# About this exercise:
Your task is to return the listing below word for word, without any of its images.

(Data below begins)

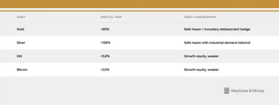 这当然不是说比特币以后永远不会成为避险资产。只是说在当前这个时间点,基于现有的投资者结构、市场状态和流动性环境,它还做不到。在 2025 年,比特币和软件股都只带来了微薄的个位数回报,而传统的硬资产却表现惊人。在这次大考中,比特币和科技成长股表现出了高度一致的行为,这是「两者正在趋同」这个观点最有力的证据之一。
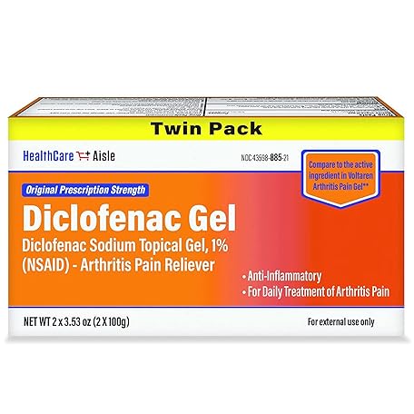 Sản phẩm HealthCareAisle Diclofenac Gel Twin Pack Diclofenac Sodium Topical Gel (NSAID) Arthritis Pain Reliever 1% 200 grams (2 x 100g) đang được bán với giá ưu đãi là $28.3291 tại nước Mỹ.
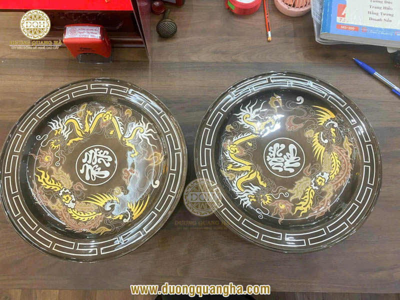 Mâm bồng khảm ngũ sắc họa tiết rồng bao quanh chữ Phúc
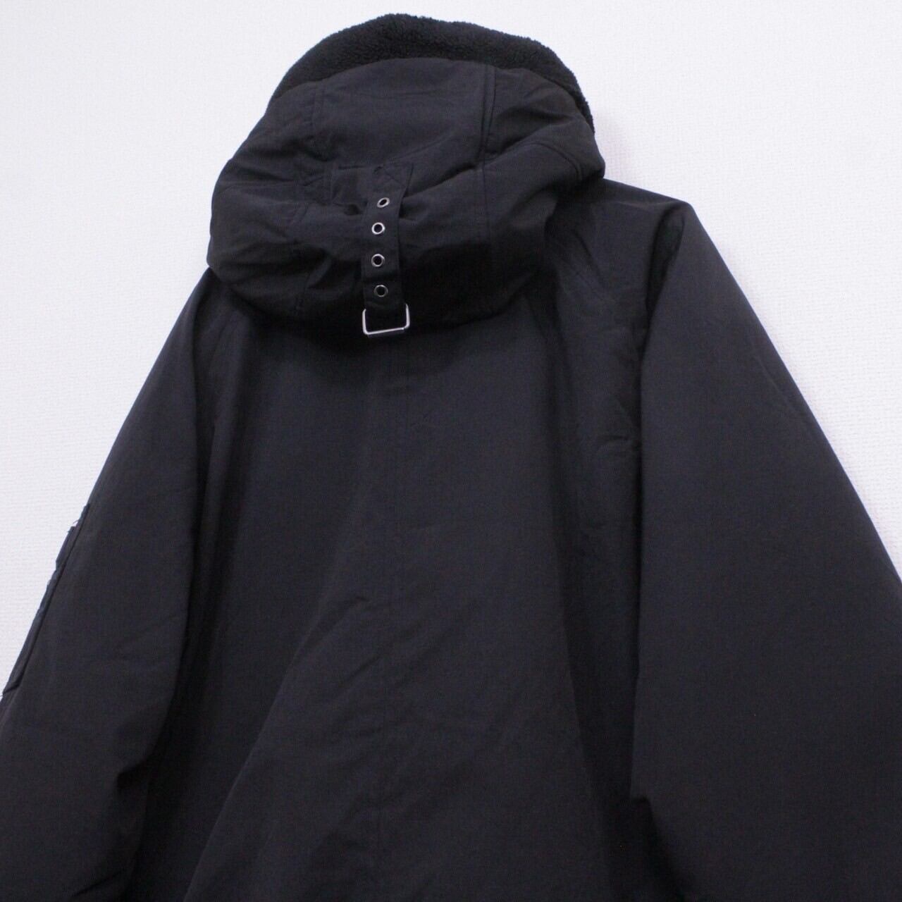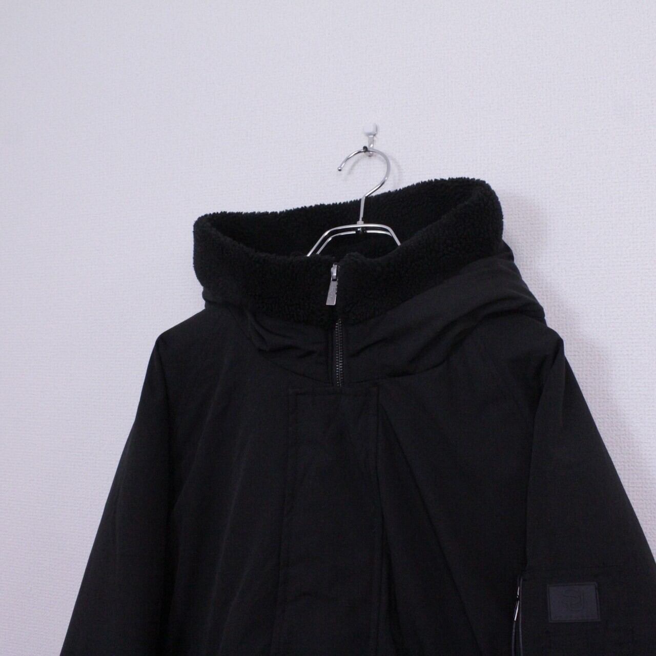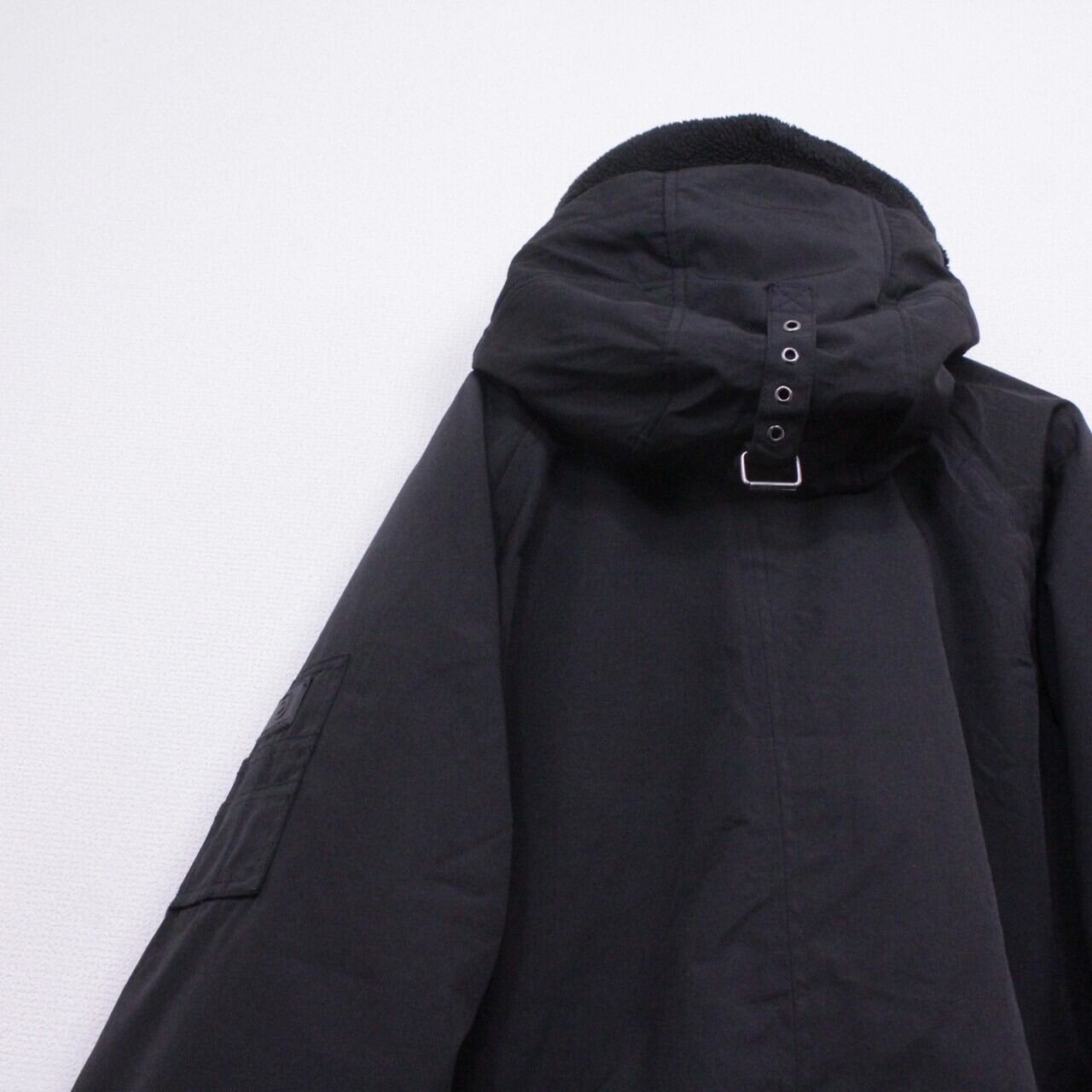 オールブラックのボディに、ミリタリーモチーフのギミックを載せたパデットジャケット。左アームにはシガーポケットにフードにはベルトを装備。

(Data below ends)

# Reply:
 这当然不是说比特币以后永远不会成为避险资产。只是说在当前这个时间点,基于现有的投资者结构、市场状态和流动性环境,它还做不到。在 2025 年,比特币和软件股都只带来了微薄的个位数回报,而传统的硬资产却表现惊人。在这次大考中,比特币和科技成长股表现出了高度一致的行为,这是「两者正在趋同」这个观点最有力的证据之一。
 Sản phẩm HealthCareAisle Diclofenac Gel Twin Pack Diclofenac Sodium Topical Gel (NSAID) Arthritis Pain Reliever 1% 200 grams (2 x 100g) đang được bán với giá ưu đãi là $28.3291 tại nước Mỹ.
 Mâm bồng khảm ngũ sắc họa tiết rồng bao quanh chữ Phúc
 オールブラックのボディに、ミリタリーモチーフのギミックを載せたパデットジャケット。左アームにはシガーポケットにフードにはベルトを装備。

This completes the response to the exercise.